Sparse Matrix Multiplication Kernels incorporated into Pytorch.
Run python setup.py install
in both the master and the src
directories.
This will build the overhead logic and baseline multiplications (i.e. cuBLAS), respectively.
Deprecated. Only use for Yellowzone
All necessary steps are covered in the install_deps.sh
script.
Run the script using bash install_deps.sh
.
Refer to tests/
for examples with both cuBLAS and cuSPARSE.
import torch
from matmuls import cublasMM
from custom_mm import init_cublas, destroy_cublas
# create cublas handle (one-time overhead)
init_cublas()
# IMPORTANT: ensure that your tensors are on the gpu before doing the multiplication
a = torch.rand(8, 64).cuda()
b = torch.rand(64, 8).cuda()
# cublasMM is a torch.InplaceFunction with a forward and backward pass
# You should use this when the gradient needs to be calculate
c = cublasMM.apply(a, b)
# destroy cublas handle
destroy_cublas()
The following steps tell you how to take a CUDA kernel and bind it to PyTorch.
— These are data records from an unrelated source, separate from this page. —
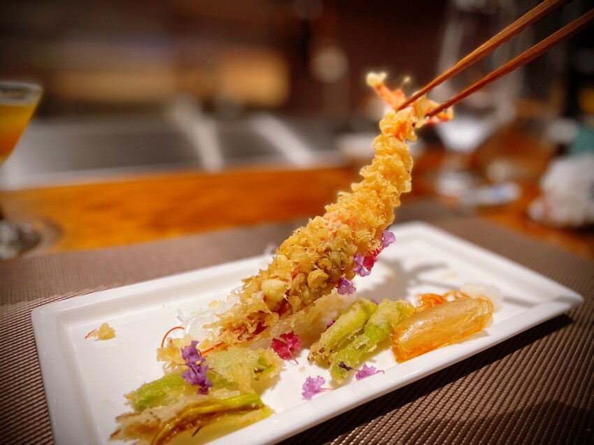 #生食級牡丹蝦:麵衣作舞薄脆沾,還有配菜金針花點綴天婦羅口感,是會讓人捧頰愣笑竟有如此美味的一絕。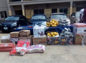 Items recovered were a total of eight (8) arms, sixteen (16) live ammunition, six (7) vehicles, , two(2) axes, nine (9) generators, seven (7) TVs, two , two (2) knives, one (1) home theater, twenty-seven (27) phones,1 bag parboiled rice harddrugs and decomposing human hands.”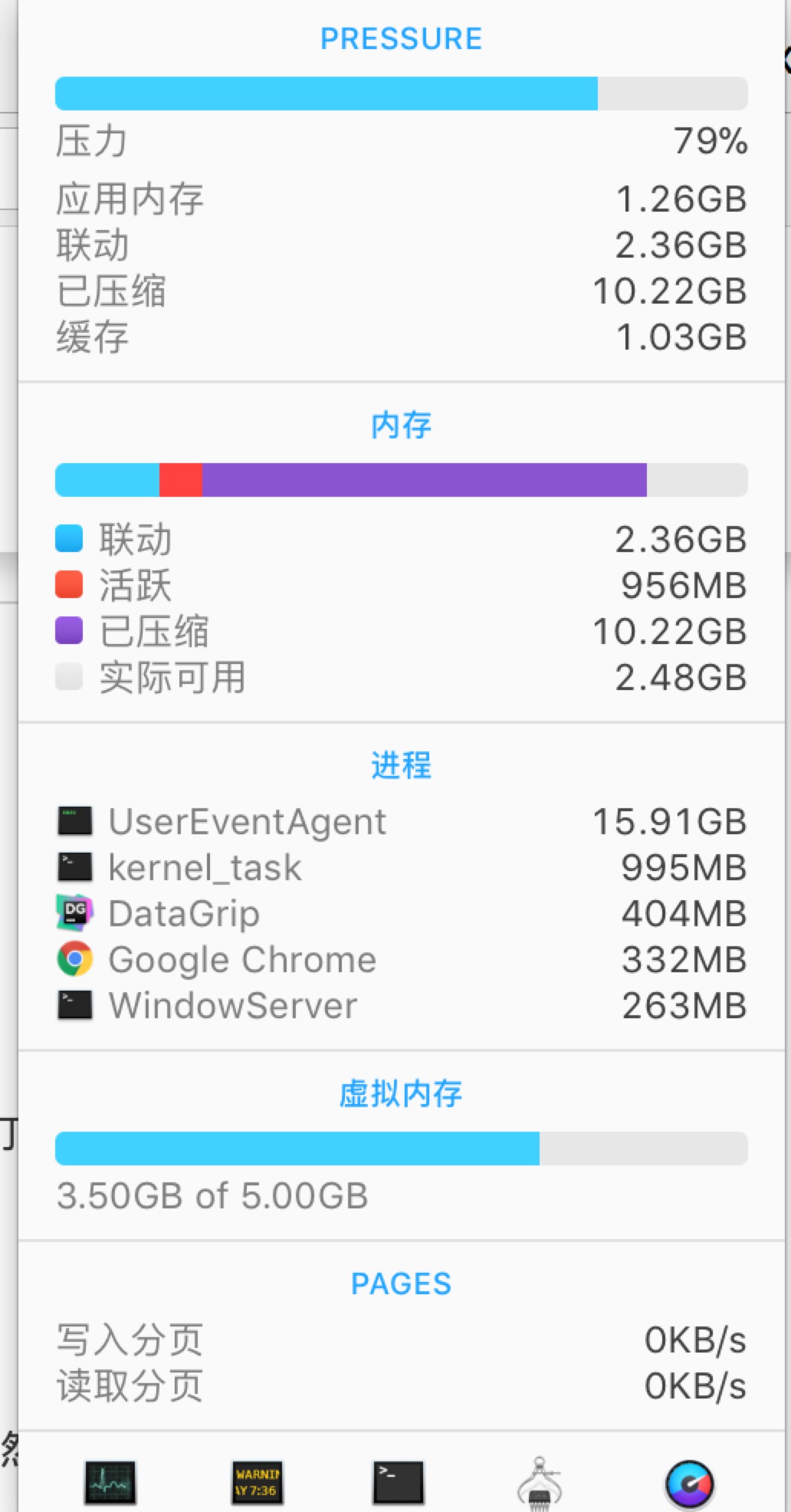 这个是内存情况,知道那个用了15G的进程是什么吗?Spotlight已经关闭了,我明天用EtreCheck检查下,再发上来,备份数据抹盘重装和从TM恢复不一样吗?意思是我要手动拷出所有数据,重装一个干净的系统,然后再把数据拷回来?如果是这样,那我的 TM是不是要从重装的那一刻开始?以前的都没有了?

Refer to src/custom_mm.cpp
for an example with cuBLAS/cuSPARSE kernels implemented.
You can write separate helpers to initialize the handles and use a global variable to store them. This variable persists after you import your module.
Note that torch passes in tensors by column major which may require some transposing. You can get a raw data pointer to the tensor by calling tensor.data_ptr<dtype>()
. However, it is important to know that this operation does not guarantee a tensor stored in contiguous memory. In order to ensure it is stored contiguously, you may call tensor.contiguous()
.
When finished implementing the C++ wrapper, make sure to include it in the Pybind macro for the Python interpreter. The first argument is the method name, the second is the address of the C++ method, and the third is the description.
Reconfigure the setup.py
to point to your .cpp
API and rename the module to whatever you want.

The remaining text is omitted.